Source data:
########

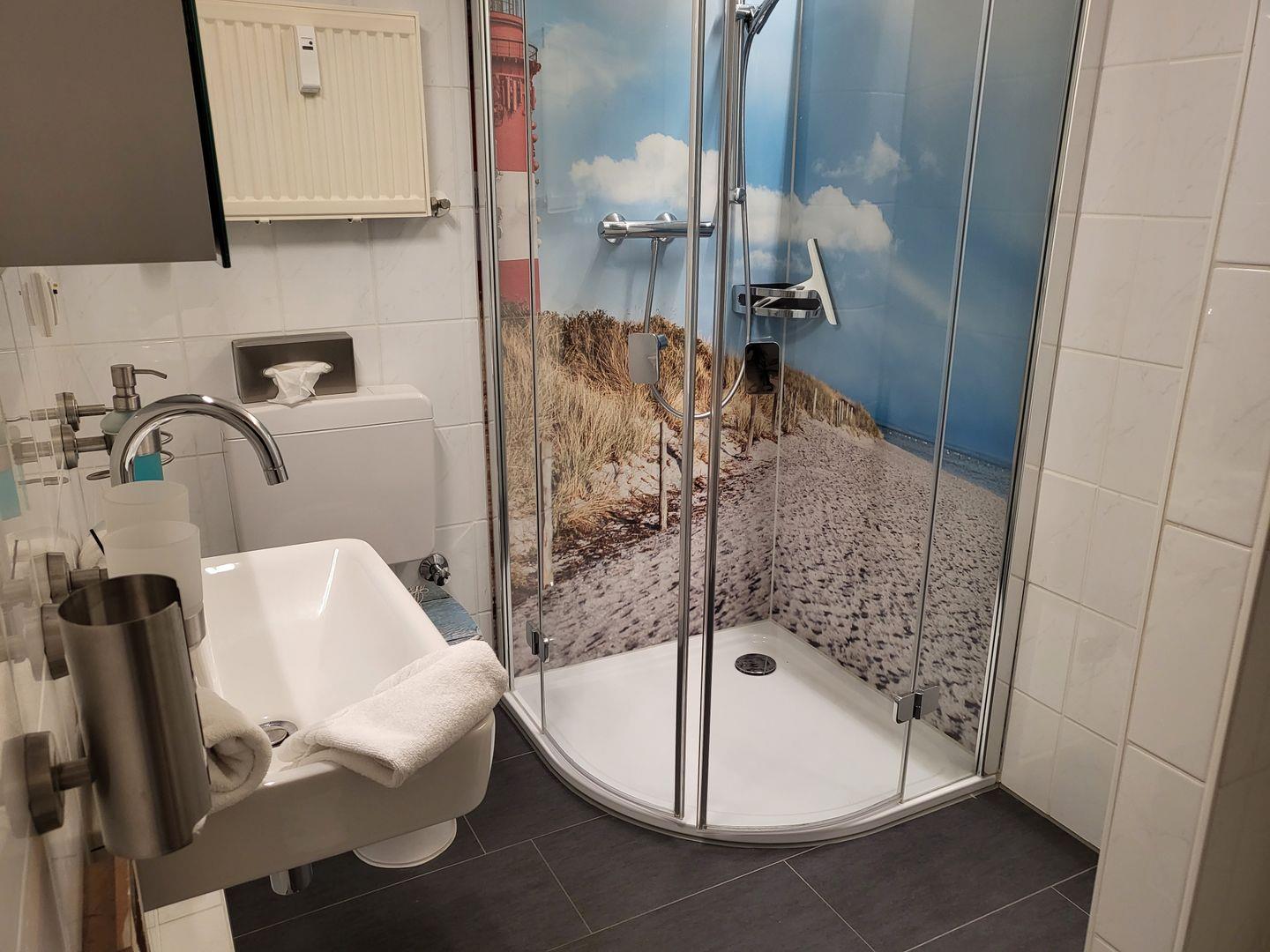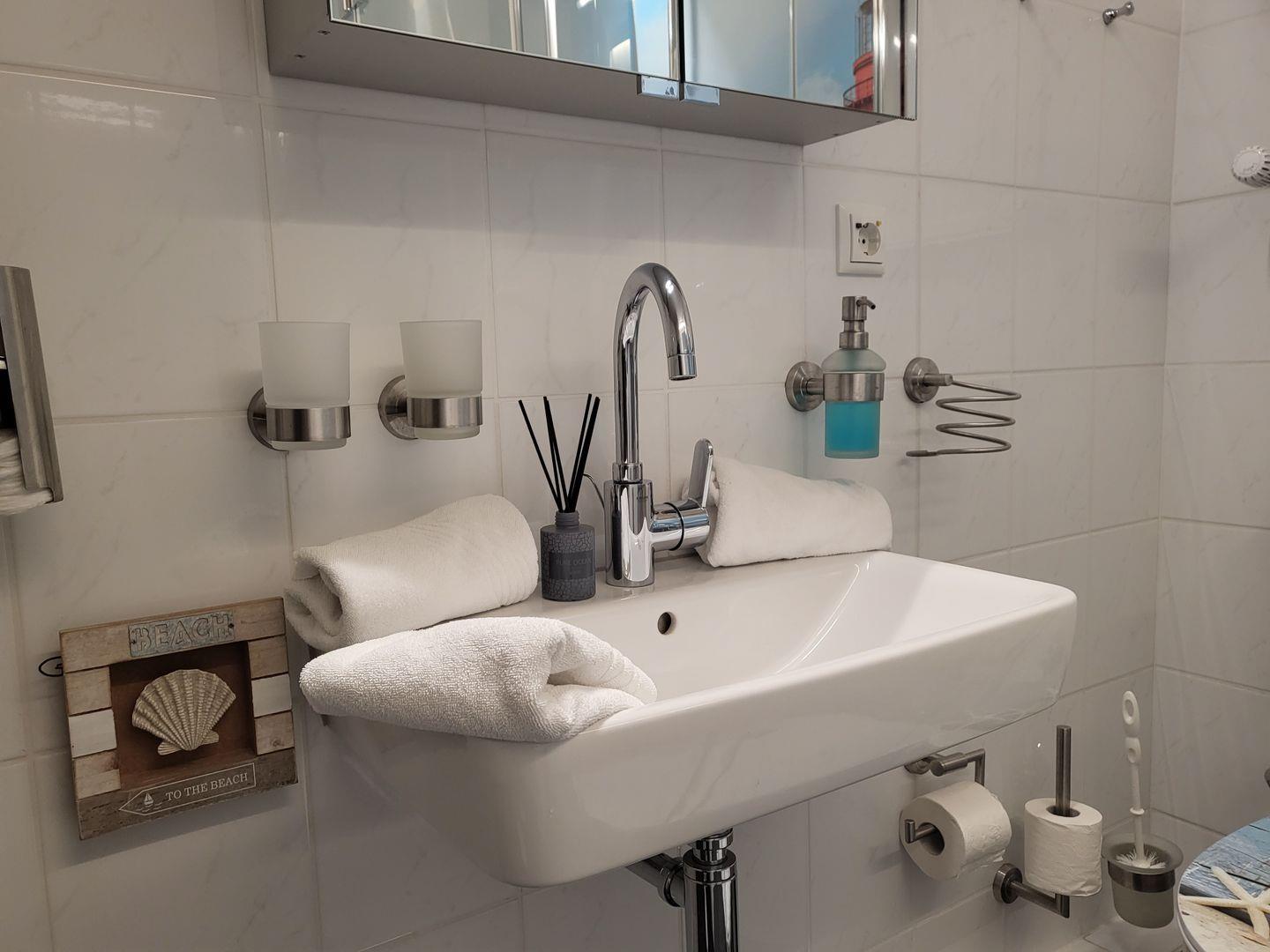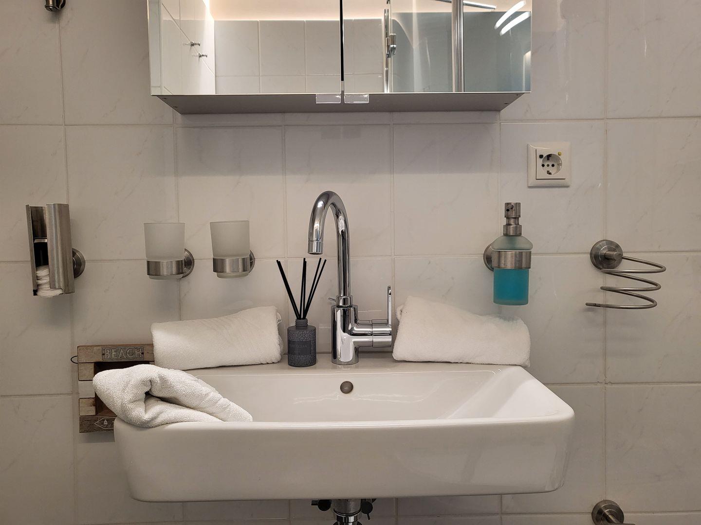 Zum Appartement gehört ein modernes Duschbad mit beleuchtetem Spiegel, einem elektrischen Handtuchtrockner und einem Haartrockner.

########

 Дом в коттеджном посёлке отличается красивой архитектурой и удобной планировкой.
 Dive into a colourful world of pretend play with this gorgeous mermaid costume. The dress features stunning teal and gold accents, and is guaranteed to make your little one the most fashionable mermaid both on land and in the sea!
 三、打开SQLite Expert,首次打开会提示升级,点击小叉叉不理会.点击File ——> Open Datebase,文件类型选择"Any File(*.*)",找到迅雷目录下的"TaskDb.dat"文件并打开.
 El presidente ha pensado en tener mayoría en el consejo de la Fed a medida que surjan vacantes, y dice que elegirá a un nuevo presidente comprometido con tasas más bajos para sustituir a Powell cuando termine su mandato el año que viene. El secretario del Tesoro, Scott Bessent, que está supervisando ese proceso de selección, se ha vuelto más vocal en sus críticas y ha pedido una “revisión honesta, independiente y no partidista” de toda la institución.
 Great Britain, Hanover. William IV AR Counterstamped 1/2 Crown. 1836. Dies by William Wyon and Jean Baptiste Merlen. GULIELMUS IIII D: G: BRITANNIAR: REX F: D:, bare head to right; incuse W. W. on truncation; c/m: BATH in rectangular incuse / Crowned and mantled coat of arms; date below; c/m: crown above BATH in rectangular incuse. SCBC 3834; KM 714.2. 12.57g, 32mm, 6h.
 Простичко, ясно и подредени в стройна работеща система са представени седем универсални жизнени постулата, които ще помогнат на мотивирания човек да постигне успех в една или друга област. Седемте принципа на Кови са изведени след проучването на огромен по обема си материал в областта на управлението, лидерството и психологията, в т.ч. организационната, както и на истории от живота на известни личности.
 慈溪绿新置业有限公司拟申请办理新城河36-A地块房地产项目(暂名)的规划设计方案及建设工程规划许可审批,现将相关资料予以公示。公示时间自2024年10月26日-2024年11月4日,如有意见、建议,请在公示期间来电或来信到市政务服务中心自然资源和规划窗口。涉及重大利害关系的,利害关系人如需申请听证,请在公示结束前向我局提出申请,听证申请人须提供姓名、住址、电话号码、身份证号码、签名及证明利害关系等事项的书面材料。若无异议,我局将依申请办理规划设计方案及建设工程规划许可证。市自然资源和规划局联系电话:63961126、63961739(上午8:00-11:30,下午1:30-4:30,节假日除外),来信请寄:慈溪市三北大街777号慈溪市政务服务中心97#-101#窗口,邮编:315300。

########

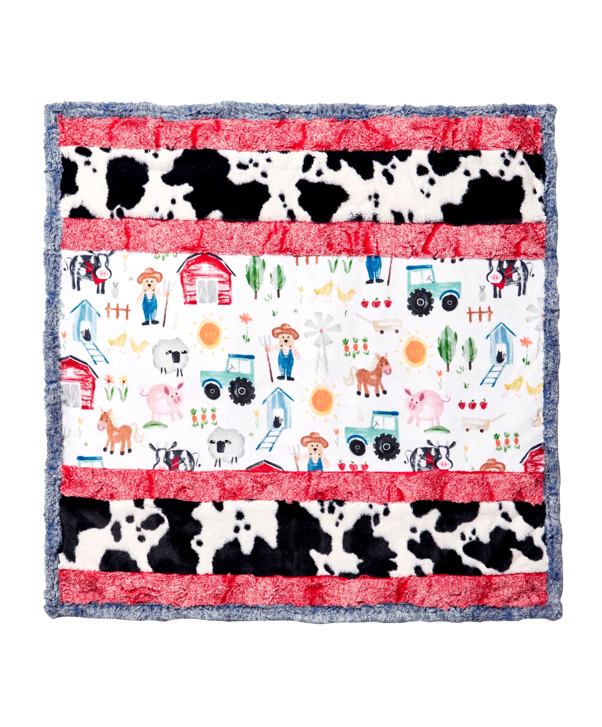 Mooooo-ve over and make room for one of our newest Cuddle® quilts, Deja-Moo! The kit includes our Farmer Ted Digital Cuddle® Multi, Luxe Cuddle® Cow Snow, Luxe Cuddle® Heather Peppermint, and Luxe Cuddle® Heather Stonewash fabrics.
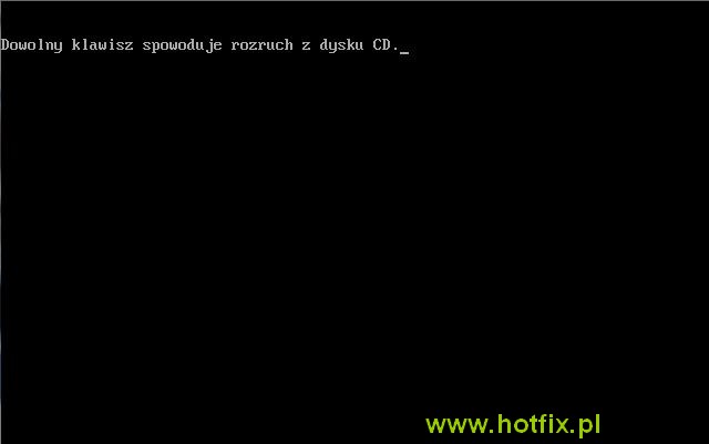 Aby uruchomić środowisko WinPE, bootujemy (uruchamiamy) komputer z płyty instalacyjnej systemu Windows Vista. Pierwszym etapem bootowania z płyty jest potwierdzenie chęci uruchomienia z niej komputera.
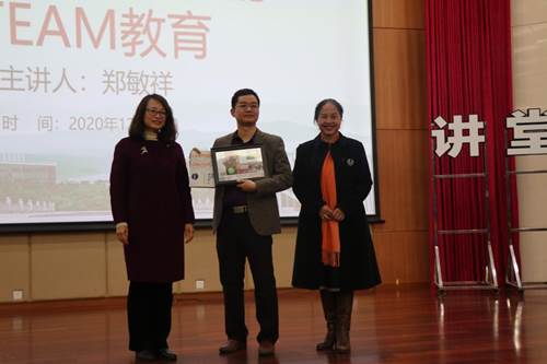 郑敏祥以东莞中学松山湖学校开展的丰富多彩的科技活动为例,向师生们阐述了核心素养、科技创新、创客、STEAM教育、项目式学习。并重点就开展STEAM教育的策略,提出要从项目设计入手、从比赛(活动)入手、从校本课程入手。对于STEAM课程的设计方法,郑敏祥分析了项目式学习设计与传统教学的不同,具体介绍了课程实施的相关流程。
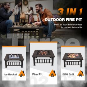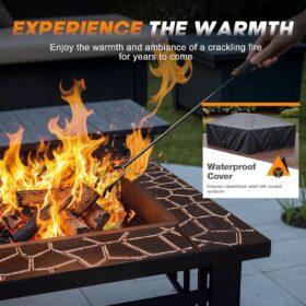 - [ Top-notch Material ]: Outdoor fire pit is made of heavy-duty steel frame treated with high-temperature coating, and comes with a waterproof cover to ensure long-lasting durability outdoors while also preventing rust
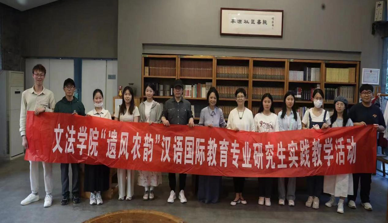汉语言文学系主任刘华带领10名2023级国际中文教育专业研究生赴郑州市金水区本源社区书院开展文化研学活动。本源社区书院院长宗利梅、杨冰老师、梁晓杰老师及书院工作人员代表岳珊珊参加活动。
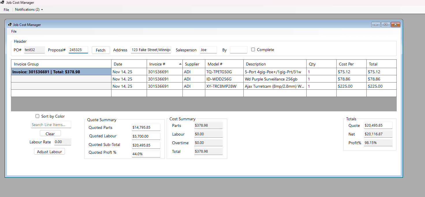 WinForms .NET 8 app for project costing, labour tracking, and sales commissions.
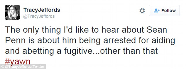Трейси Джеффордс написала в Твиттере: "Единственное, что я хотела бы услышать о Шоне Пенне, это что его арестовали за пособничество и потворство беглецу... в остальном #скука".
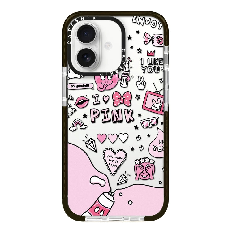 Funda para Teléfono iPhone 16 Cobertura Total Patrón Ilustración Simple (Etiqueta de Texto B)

########

In the listing above, locate the line containing "Dive into a" and the line containing "三、打开SQLite Expert,首次打开会提示升级,点击小叉叉不理会.点击File ——>". Transcribe those two lines and everything between them, exactly as written.

Solution for this problem:
 Dive into a colourful world of pretend play with this gorgeous mermaid costume. The dress features stunning teal and gold accents, and is guaranteed to make your little one the most fashionable mermaid both on land and in the sea!
 三、打开SQLite Expert,首次打开会提示升级,点击小叉叉不理会.点击File ——> Open Datebase,文件类型选择"Any File(*.*)",找到迅雷目录下的"TaskDb.dat"文件并打开.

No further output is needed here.